# How long to wait before priming/painting cedar siding?



## PaintProfessor (Feb 28, 2008)

I was on an estimate the other day for an exterior job. The house has been previously painted and there is cedar shingle type siding on the second floor. Last year they had parts of the cedar replaced. The homeowner told me that the carpenter had mentioned not to paint the cedar for 6 months-1 year. He did that work in September and said that it should be fine to prime/paint in the spring. 

Does anyone know the answer to how long to wait before priming and painting cedar siding?


----------



## Painter Girl (Mar 25, 2009)

According to the old school of thought waiting 6 mths and up was an effective way to remove mill glaze. However if you wait that long you risk deterioration from the wood weathering too much. The top surface of the wood will start to turn color and flake off (delaminate). If you don't plan on doing a lot of sanding it will take any coatings you have applied with it.

I wouldn't wait longer than 60 days but do a splash test with H2O to see if it soaks in. If it does you are good to go.

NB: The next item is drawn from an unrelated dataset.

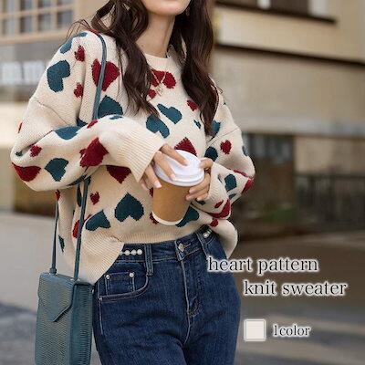 セーター レディース ハート柄ニットセーター 秋 ゆる おしゃれ かわいい 柄 タートルネック 長袖 黒 洗える ニット ケーブル編み ふわふわ 厚手 ざっくり 冬 ニットセーター 白 ハイネック ノ

If not, you may want to use a chemical mill glaze remover followed by a gentle sanding to remove any raised areas from the water absorbtion.

Hope this helps.


----------



## MAK-Deco (Apr 17, 2007)

at this point depending on what you are top coating with you will have to clean to make sure its not dirty. 

We prime cedar straight from the lumber yard for dimensional lumber used for corner boards and lap siding... we use a slow drying penetrating oil primer with Acrylic top coat.


----------



## PaintProfessor (Feb 28, 2008)

thanks!


----------